YSU and Alta Head Start Launch Preschool Program
YOUNGSTOWN, Ohio – Enthusiastic preschoolers sat at tables making pumpkins of Play-Doh, while others were engaged with their teachers in another section of a new Model Classroom made possible because of a partnership between Alta Head Start and Youngstown State University.
“We set out right from the beginning to make a very high-quality, top-rated, innovative program,” Joseph Shorokey, executive director of Alta Care Group, said Wednesday. “This opportunity fit all of those bills, because we can work very closely with the university and bring a lot of support from different programs to our kids.”
Representatives of YSU and Alta formally kicked off their new partnership during a press conference at the Beeghly College of Education, site of the new YSU Learning Center Model Classroom.
The classroom serves as the central site for the Mahoning County Head Start/Early Head Start program. “Probably 80% of our student population is within 10 minutes of this facility,” Shorokey said. “We will provide transportation to the children through our busing service, but it also makes it easy for the parents.”
YSU’s Head Start classroom will start with about 15 students, with the potential to expand.
Among the health-related services the Model Classroom will provide through Head Start are speech, language, hearing, and vision screenings; oral health care; weight and height monitoring; nursing services; nutrition and behavior health support.
The partnership should also encourage increased participation through volunteerism. “Volunteerism is a huge, important factor in the Head Start program,” he remarked.
Alta Care Group, formerly D&E Counseling, assumed operations of Mahoning County’s Head Start program in July 2015, Shorokey said.

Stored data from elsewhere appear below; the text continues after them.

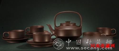 介绍:这套茶具集壶、杯于一体,构思巧妙,形制完整。该茶具整体为上下两段的组合结构,上段为壶身,长嘴,扁平圈把,直身、平肩、嵌盖、柱钮,形制在统一中求变化;下段为四面洞开,恰好容纳四个茶杯,集壶、杯于一体,匠心独具。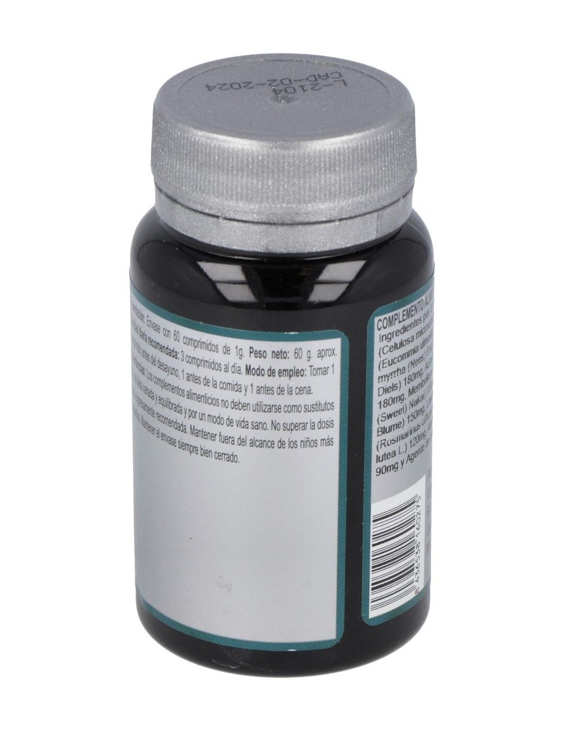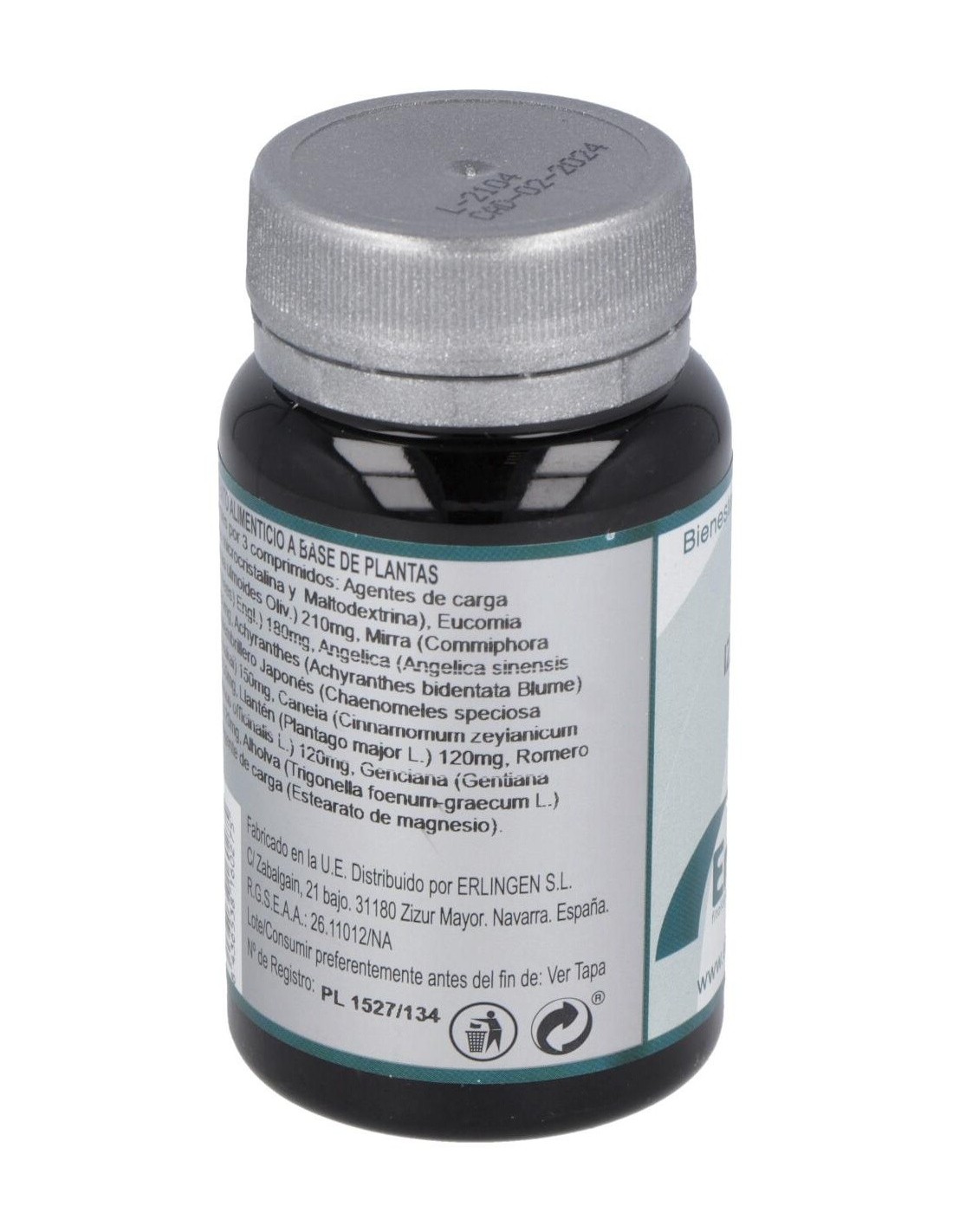 Eucomia (Eucommia ulmoides Oliv.), Mirra (Commiphora myrrha (Nees) Engl.), Angélica (Angelica sinensis Diels), Achyranthes (Achyranthes bidentata Blume), Membrillero Japonés (Chaenomeles speciosa (Sweet) Nakai), Canela (Cinnamomum zeylanicum Blume), Llantén (Plantago major L.), Romero (Rosmarinus officinalis L.), Genciana (Gentiana lutea L.), Alholva (Trigonella foenum-graecum L.) y Agentes de carga (Celulosa microcristalina, Maltodextrina y Estearato de magnesio).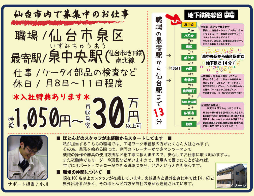 宮城県や仙台市の求人をお探しですか?工場系の求人は日総工産の「工場求人ナビ」で!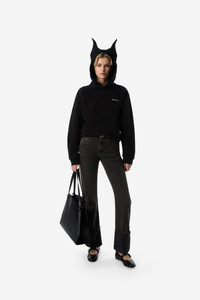 As its name suggests, this sweatshirt has a mischievous side inspired by everyone's favourite malevolent fairy, Maleficent. The corners of the hood have been intricately shaped to form two exaggerated curved horns, just like the character. Like all good villains, the top has a soft side: it is crafted from pure and comfortable organic cotton. Details Black DJS151F5035 100% Organic Cotton Made in Portugal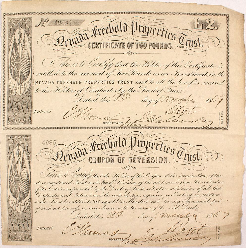 Certificate of two pounds and a coupon of reversion dated November 1869. Uncancelled. British mine financiers seized upon the new discoveries at treasure Hill, have been "left out" of the great Comstock rush, and their failures of understanding the complexities of financing properties during the California Gold Rush. Various British interests ultimately consolidated the best properties into the Eberhardt and Aurora Mining Co. Date: Location: Treasure Hill, Nevada HWAC# 56467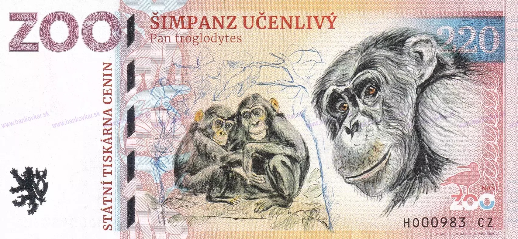| Nominálna hodnota: | 220 - Šimpanz učenlivý (Pan troglodytes / SK: Šimpanz učenlivý) |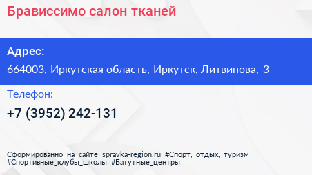 Брависсимо, салон тканей по адресу 664003, Иркутская область, Иркутск, Литвинова, 3 в дальнейшем Организация, размещена в следующих категориях: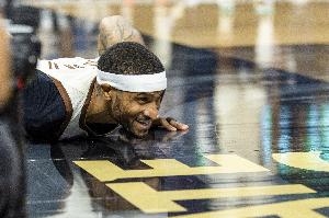 老鹰名宿威尔金斯和詹姆斯合影:赛后和你聊上几句很开心

The program is federally funded to serve 845 children throughout the county, and the goal of the YSU partnership is to enhance the quality of services and access to care.
“We have about 14 locations,” he noted. “We have 10 new ones in Youngstown City Schools. We have a Mahoning County Educational Services partnership, one in Sebring, one in Campbell – really all over town.”
Joseph Mosca, dean of the Bitonte College of Health and Human Services, said the partnership provides YSU with an opportunity to be even more engaged with the community. “It also provides us with the opportunity to provide our students with internship experience in social work, nursing, and the early childhood program,” he said. “It will be very beneficial that students will be part of this classroom.”
Twelve YSU students across several disciplines would be interns during any given semester, the dean said.
“It doesn’t get much better than this when you have the opportunity to help young people and their families,” added YSU President Jim Tressel. “This is exciting. We appreciate your confidence in us. And we have a lot of confidence in our colleges and faculty.”
Patrick O’Leary, assistant professor and coordinator of the early childhood program at YSU, described the partnership as ideal because Alta and the university share a common goal of improving the quality of life and education within the community. “I saw it as combined, we can fight the ill-effects of poverty better than we can alone,” he said. “That’s what we’re trying to do.”
This effort allows for high-quality classrooms for student teachers and practicum students to gain firsthand experience with teachers and children, O’Leary said. “This gives us an opportunity right on campus, rather than having to drive off to see a classroom elsewhere.”
Pictured: Joseph Shorokey, executive director of Alta Care Group.